EXERCISE: Output the lines of the entries below beginning at the one with "tại sân khấu |" and ending with the last, exactly as written and without pictures.

SOURCE DATA:
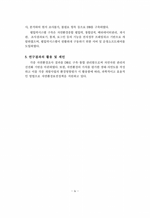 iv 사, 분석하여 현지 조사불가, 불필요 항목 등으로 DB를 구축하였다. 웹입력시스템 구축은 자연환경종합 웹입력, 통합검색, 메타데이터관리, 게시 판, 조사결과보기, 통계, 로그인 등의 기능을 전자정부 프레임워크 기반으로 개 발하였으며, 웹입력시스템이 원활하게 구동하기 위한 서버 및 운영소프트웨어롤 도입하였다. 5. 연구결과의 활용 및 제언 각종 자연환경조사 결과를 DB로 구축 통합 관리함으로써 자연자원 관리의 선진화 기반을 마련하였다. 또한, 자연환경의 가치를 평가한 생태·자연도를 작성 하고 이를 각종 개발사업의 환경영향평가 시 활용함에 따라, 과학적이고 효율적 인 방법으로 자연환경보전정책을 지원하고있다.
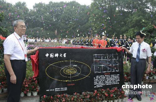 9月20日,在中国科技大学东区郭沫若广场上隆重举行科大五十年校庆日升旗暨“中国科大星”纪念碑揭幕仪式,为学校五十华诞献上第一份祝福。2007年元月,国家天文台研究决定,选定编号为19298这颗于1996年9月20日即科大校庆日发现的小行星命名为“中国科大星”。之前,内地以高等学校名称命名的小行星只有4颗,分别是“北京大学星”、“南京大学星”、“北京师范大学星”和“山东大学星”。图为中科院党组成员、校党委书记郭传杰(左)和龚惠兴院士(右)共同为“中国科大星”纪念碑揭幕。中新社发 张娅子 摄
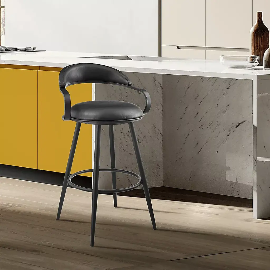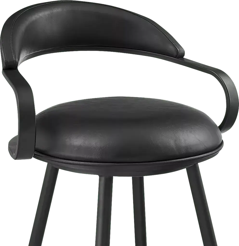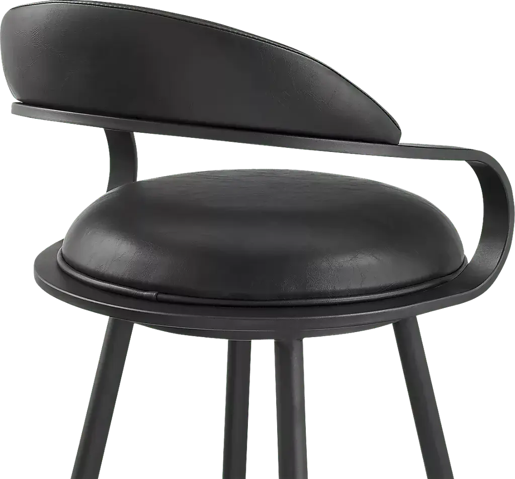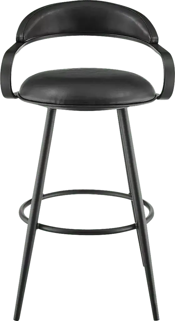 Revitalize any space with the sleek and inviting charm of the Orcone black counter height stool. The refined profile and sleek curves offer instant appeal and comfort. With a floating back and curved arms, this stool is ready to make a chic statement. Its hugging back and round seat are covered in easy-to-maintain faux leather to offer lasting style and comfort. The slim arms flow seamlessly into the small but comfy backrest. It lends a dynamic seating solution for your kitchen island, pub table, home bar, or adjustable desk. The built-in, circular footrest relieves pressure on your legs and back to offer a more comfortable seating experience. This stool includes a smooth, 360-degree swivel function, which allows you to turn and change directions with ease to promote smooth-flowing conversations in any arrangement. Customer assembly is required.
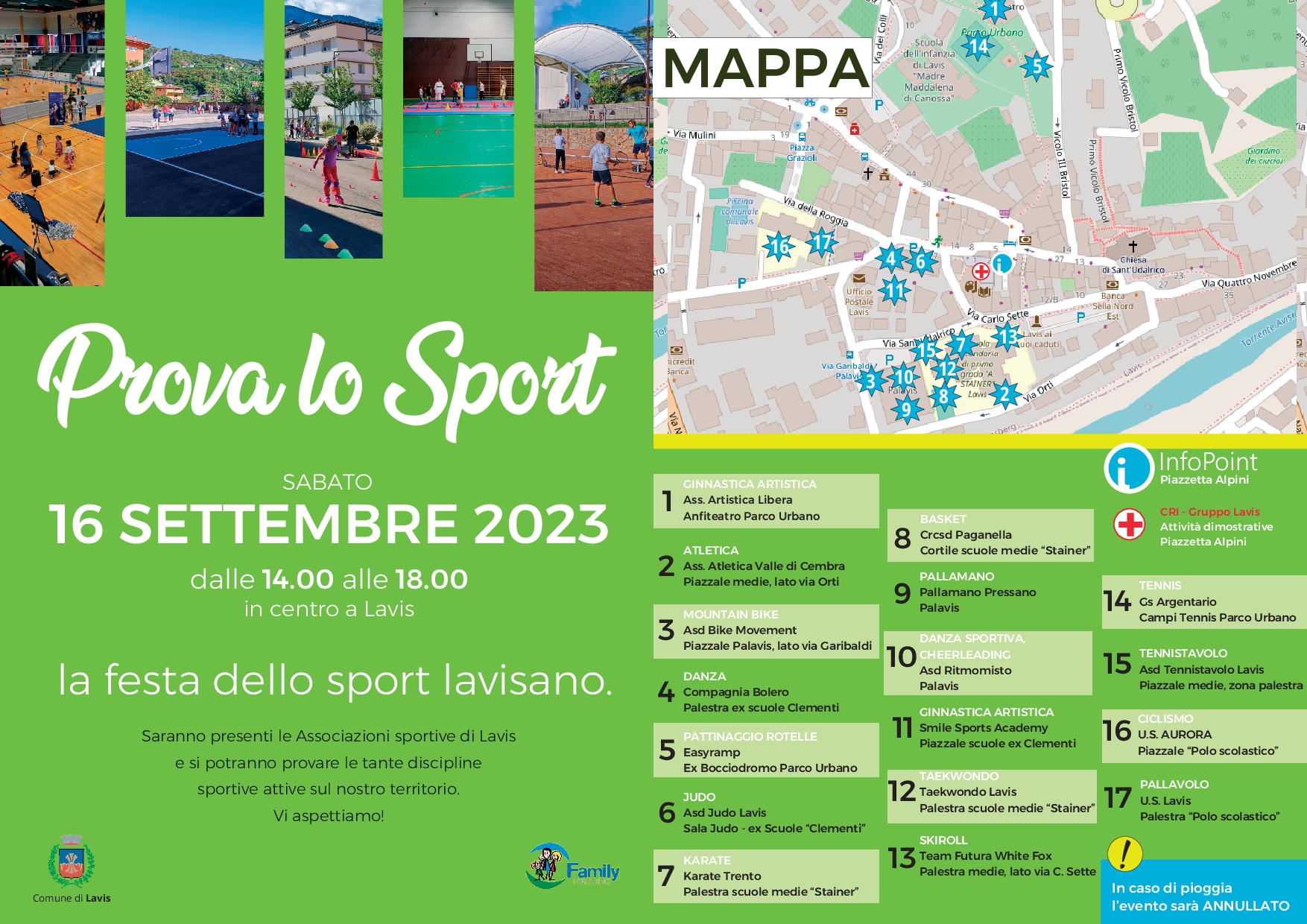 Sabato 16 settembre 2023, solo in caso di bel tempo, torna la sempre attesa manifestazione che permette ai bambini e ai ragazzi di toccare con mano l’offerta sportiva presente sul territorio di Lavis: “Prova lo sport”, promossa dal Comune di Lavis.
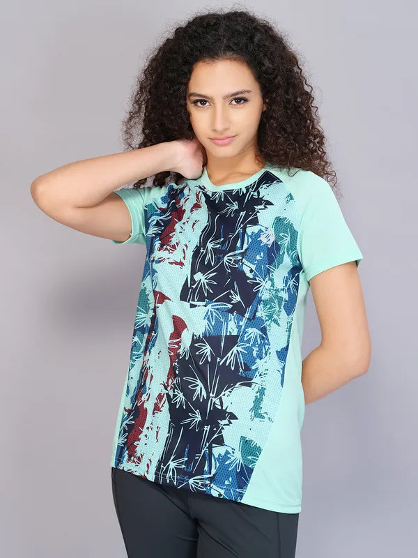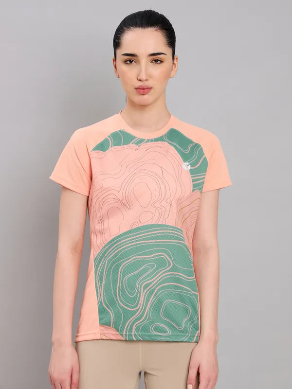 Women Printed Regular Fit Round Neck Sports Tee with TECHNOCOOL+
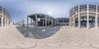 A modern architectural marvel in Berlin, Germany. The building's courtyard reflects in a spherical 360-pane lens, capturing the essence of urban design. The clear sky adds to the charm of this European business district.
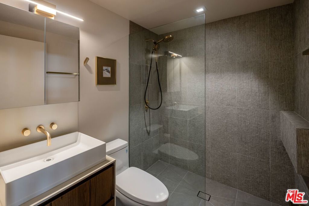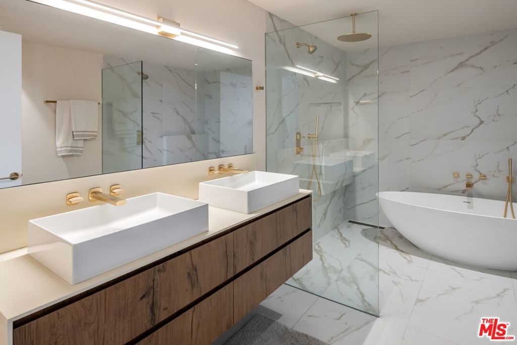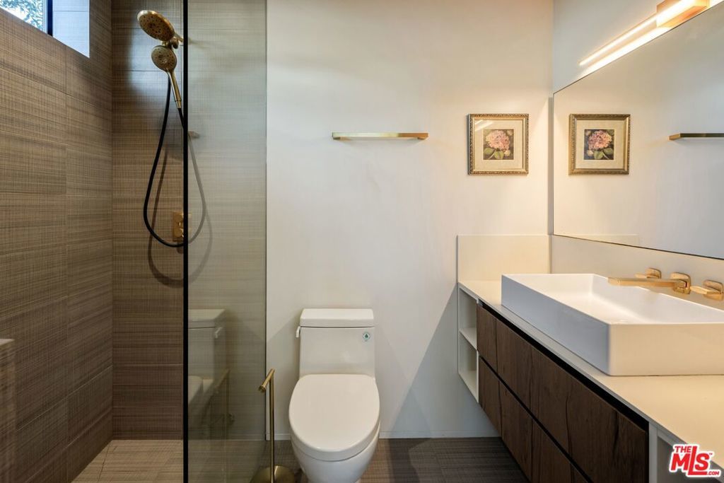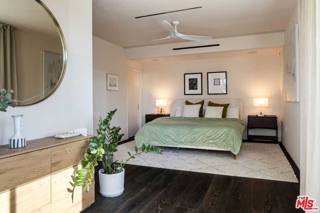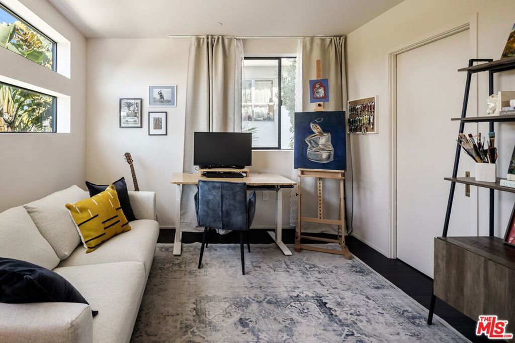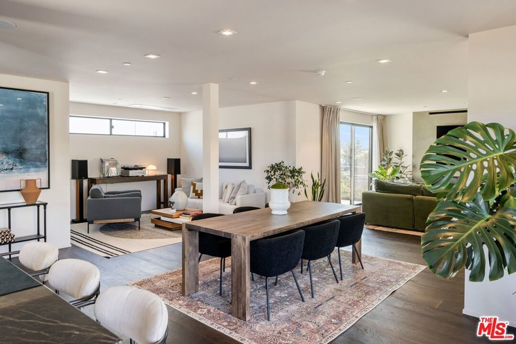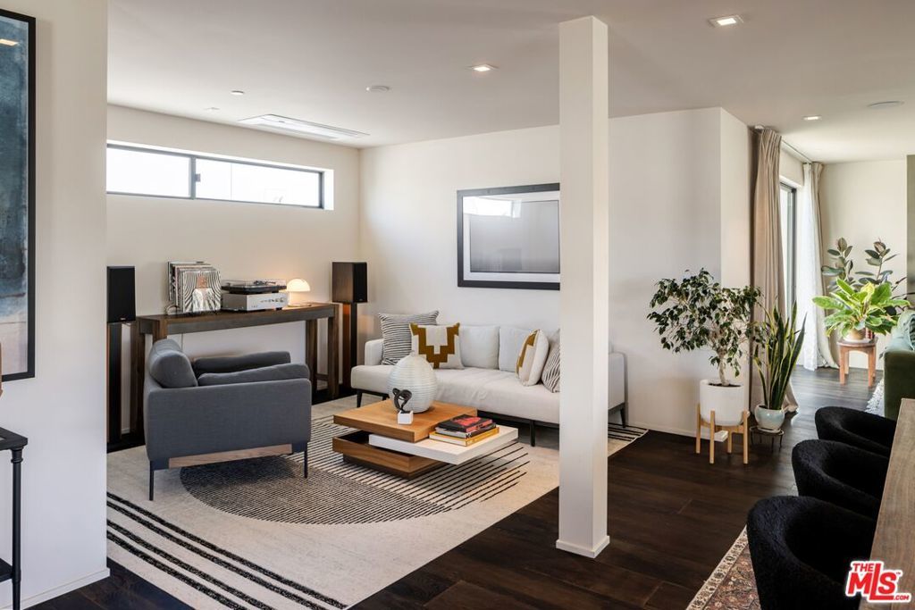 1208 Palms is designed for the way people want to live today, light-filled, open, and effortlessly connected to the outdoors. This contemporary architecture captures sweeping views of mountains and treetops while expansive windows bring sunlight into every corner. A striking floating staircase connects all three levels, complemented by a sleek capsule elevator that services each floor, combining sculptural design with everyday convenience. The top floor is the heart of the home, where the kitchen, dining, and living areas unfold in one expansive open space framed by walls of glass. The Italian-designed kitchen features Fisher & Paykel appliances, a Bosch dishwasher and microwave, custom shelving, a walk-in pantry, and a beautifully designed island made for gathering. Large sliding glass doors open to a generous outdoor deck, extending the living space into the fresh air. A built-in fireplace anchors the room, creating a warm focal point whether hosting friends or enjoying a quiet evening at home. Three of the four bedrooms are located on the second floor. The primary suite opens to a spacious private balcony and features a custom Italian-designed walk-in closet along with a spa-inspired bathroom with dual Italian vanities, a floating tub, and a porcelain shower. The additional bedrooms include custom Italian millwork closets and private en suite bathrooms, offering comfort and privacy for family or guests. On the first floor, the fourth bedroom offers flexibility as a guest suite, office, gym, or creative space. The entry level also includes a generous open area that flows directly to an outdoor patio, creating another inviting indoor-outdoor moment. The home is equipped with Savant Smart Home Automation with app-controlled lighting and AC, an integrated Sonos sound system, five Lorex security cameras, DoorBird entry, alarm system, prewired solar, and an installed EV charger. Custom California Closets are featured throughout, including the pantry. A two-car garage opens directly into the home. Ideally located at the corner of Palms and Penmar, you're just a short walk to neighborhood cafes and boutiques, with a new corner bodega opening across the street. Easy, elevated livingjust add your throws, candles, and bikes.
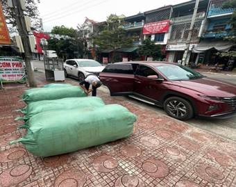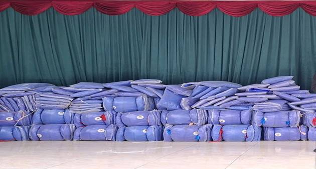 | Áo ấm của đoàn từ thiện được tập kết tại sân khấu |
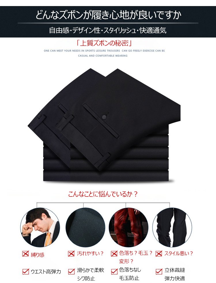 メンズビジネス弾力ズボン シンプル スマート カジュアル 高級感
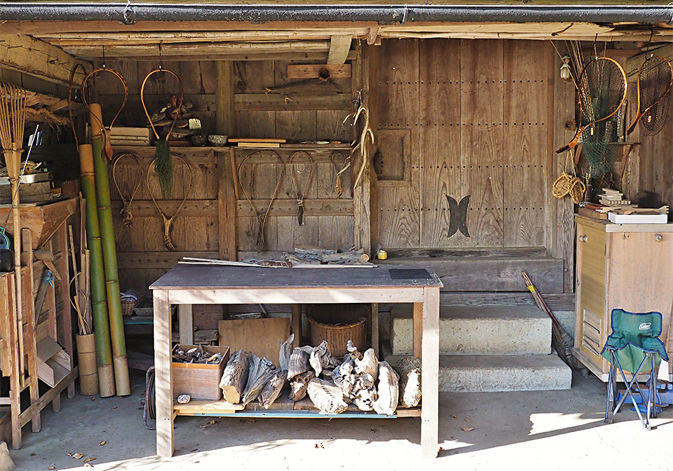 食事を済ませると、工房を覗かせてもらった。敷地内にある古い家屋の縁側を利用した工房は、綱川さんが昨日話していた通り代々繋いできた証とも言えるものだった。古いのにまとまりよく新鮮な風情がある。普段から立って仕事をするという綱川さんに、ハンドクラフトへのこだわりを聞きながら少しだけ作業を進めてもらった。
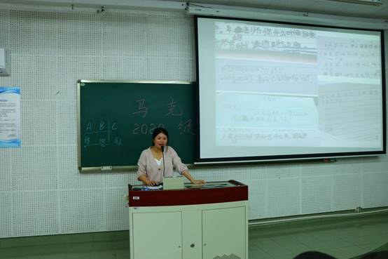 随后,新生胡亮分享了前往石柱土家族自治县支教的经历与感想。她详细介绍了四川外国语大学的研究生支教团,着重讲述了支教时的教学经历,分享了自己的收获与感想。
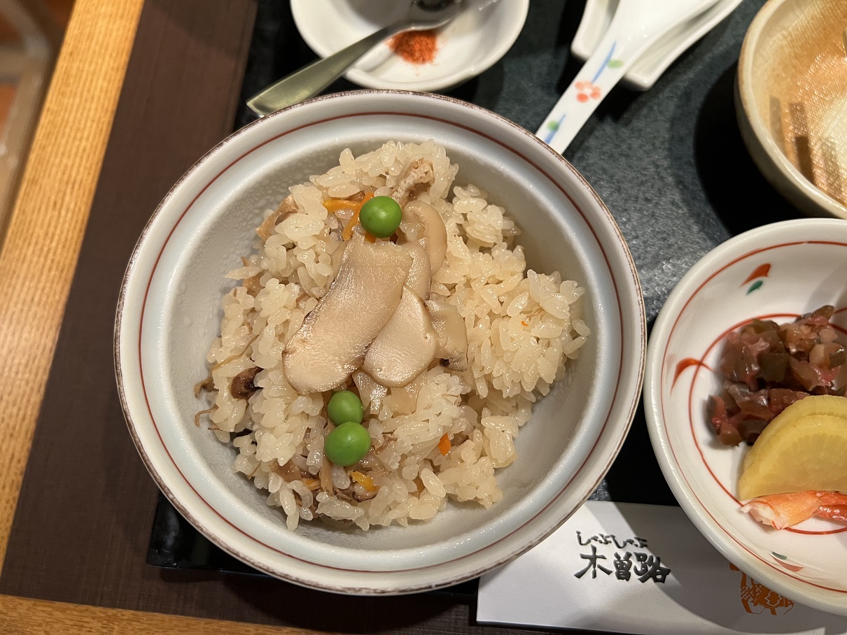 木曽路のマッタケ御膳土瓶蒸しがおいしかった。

EXERCISE ANSWER:
 | Áo ấm của đoàn từ thiện được tập kết tại sân khấu |
 メンズビジネス弾力ズボン シンプル スマート カジュアル 高級感
 食事を済ませると、工房を覗かせてもらった。敷地内にある古い家屋の縁側を利用した工房は、綱川さんが昨日話していた通り代々繋いできた証とも言えるものだった。古いのにまとまりよく新鮮な風情がある。普段から立って仕事をするという綱川さんに、ハンドクラフトへのこだわりを聞きながら少しだけ作業を進めてもらった。
 随后,新生胡亮分享了前往石柱土家族自治县支教的经历与感想。她详细介绍了四川外国语大学的研究生支教团,着重讲述了支教时的教学经历,分享了自己的收获与感想。
 木曽路のマッタケ御膳土瓶蒸しがおいしかった。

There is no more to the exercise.